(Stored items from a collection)
**********
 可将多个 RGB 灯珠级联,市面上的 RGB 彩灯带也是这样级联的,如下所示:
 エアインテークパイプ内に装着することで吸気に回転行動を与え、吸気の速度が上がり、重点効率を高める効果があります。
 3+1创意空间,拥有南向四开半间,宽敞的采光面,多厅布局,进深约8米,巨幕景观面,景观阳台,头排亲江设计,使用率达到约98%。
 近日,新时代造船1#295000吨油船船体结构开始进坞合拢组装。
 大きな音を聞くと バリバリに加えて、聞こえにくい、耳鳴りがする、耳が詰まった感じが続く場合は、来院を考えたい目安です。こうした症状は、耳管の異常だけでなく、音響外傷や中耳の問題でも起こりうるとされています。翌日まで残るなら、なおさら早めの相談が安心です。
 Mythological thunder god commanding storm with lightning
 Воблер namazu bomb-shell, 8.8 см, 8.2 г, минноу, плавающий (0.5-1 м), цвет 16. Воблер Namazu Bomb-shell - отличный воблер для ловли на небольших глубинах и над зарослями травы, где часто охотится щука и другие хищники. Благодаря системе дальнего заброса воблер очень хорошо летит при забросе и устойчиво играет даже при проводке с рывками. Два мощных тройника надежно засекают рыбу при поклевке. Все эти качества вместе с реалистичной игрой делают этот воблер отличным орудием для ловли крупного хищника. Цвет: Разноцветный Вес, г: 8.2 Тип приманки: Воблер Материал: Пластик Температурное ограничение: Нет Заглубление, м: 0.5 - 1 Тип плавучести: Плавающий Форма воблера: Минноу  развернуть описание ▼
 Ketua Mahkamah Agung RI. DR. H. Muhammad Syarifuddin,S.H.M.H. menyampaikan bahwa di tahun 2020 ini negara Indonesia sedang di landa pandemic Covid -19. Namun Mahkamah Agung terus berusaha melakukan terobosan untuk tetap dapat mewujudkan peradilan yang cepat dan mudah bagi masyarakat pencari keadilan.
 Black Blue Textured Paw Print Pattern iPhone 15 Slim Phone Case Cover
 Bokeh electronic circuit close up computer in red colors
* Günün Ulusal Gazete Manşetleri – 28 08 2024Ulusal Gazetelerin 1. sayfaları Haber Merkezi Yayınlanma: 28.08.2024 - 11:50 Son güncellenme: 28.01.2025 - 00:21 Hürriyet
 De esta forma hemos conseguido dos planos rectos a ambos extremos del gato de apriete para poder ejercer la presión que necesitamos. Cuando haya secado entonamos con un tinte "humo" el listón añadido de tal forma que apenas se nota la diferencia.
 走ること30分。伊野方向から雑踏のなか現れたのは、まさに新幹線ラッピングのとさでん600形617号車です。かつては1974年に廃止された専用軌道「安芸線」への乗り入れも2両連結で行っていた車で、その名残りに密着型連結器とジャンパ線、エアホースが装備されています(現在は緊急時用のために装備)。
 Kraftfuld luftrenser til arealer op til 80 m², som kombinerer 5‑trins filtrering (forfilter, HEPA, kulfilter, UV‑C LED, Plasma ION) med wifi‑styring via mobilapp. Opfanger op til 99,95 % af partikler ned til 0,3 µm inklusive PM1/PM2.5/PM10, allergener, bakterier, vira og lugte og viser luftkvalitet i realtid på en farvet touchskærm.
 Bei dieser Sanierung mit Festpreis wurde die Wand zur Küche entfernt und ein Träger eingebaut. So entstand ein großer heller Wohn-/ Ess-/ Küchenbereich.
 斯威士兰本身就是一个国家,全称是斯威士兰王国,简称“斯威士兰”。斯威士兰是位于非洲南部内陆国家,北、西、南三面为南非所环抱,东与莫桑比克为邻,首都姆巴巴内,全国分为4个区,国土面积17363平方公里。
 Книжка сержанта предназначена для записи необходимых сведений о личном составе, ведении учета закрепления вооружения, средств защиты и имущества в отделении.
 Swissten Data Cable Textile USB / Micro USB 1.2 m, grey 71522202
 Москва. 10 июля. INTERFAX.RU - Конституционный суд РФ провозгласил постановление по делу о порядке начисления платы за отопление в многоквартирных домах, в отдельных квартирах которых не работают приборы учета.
**********
Each entry above, in full, should be output exactly as it reads.

■ Solution for this exercise
 可将多个 RGB 灯珠级联,市面上的 RGB 彩灯带也是这样级联的,如下所示:
 エアインテークパイプ内に装着することで吸気に回転行動を与え、吸気の速度が上がり、重点効率を高める効果があります。
 3+1创意空间,拥有南向四开半间,宽敞的采光面,多厅布局,进深约8米,巨幕景观面,景观阳台,头排亲江设计,使用率达到约98%。
 近日,新时代造船1#295000吨油船船体结构开始进坞合拢组装。
 大きな音を聞くと バリバリに加えて、聞こえにくい、耳鳴りがする、耳が詰まった感じが続く場合は、来院を考えたい目安です。こうした症状は、耳管の異常だけでなく、音響外傷や中耳の問題でも起こりうるとされています。翌日まで残るなら、なおさら早めの相談が安心です。
 Mythological thunder god commanding storm with lightning
 Воблер namazu bomb-shell, 8.8 см, 8.2 г, минноу, плавающий (0.5-1 м), цвет 16. Воблер Namazu Bomb-shell - отличный воблер для ловли на небольших глубинах и над зарослями травы, где часто охотится щука и другие хищники. Благодаря системе дальнего заброса воблер очень хорошо летит при забросе и устойчиво играет даже при проводке с рывками. Два мощных тройника надежно засекают рыбу при поклевке. Все эти качества вместе с реалистичной игрой делают этот воблер отличным орудием для ловли крупного хищника. Цвет: Разноцветный Вес, г: 8.2 Тип приманки: Воблер Материал: Пластик Температурное ограничение: Нет Заглубление, м: 0.5 - 1 Тип плавучести: Плавающий Форма воблера: Минноу  развернуть описание ▼
 Ketua Mahkamah Agung RI. DR. H. Muhammad Syarifuddin,S.H.M.H. menyampaikan bahwa di tahun 2020 ini negara Indonesia sedang di landa pandemic Covid -19. Namun Mahkamah Agung terus berusaha melakukan terobosan untuk tetap dapat mewujudkan peradilan yang cepat dan mudah bagi masyarakat pencari keadilan.
 Black Blue Textured Paw Print Pattern iPhone 15 Slim Phone Case Cover
 Bokeh electronic circuit close up computer in red colors
* Günün Ulusal Gazete Manşetleri – 28 08 2024Ulusal Gazetelerin 1. sayfaları Haber Merkezi Yayınlanma: 28.08.2024 - 11:50 Son güncellenme: 28.01.2025 - 00:21 Hürriyet
 De esta forma hemos conseguido dos planos rectos a ambos extremos del gato de apriete para poder ejercer la presión que necesitamos. Cuando haya secado entonamos con un tinte "humo" el listón añadido de tal forma que apenas se nota la diferencia.
 走ること30分。伊野方向から雑踏のなか現れたのは、まさに新幹線ラッピングのとさでん600形617号車です。かつては1974年に廃止された専用軌道「安芸線」への乗り入れも2両連結で行っていた車で、その名残りに密着型連結器とジャンパ線、エアホースが装備されています(現在は緊急時用のために装備)。
 Kraftfuld luftrenser til arealer op til 80 m², som kombinerer 5‑trins filtrering (forfilter, HEPA, kulfilter, UV‑C LED, Plasma ION) med wifi‑styring via mobilapp. Opfanger op til 99,95 % af partikler ned til 0,3 µm inklusive PM1/PM2.5/PM10, allergener, bakterier, vira og lugte og viser luftkvalitet i realtid på en farvet touchskærm.
 Bei dieser Sanierung mit Festpreis wurde die Wand zur Küche entfernt und ein Träger eingebaut. So entstand ein großer heller Wohn-/ Ess-/ Küchenbereich.
 斯威士兰本身就是一个国家,全称是斯威士兰王国,简称“斯威士兰”。斯威士兰是位于非洲南部内陆国家,北、西、南三面为南非所环抱,东与莫桑比克为邻,首都姆巴巴内,全国分为4个区,国土面积17363平方公里。
 Книжка сержанта предназначена для записи необходимых сведений о личном составе, ведении учета закрепления вооружения, средств защиты и имущества в отделении.
 Swissten Data Cable Textile USB / Micro USB 1.2 m, grey 71522202
 Москва. 10 июля. INTERFAX.RU - Конституционный суд РФ провозгласил постановление по делу о порядке начисления платы за отопление в многоквартирных домах, в отдельных квартирах которых не работают приборы учета.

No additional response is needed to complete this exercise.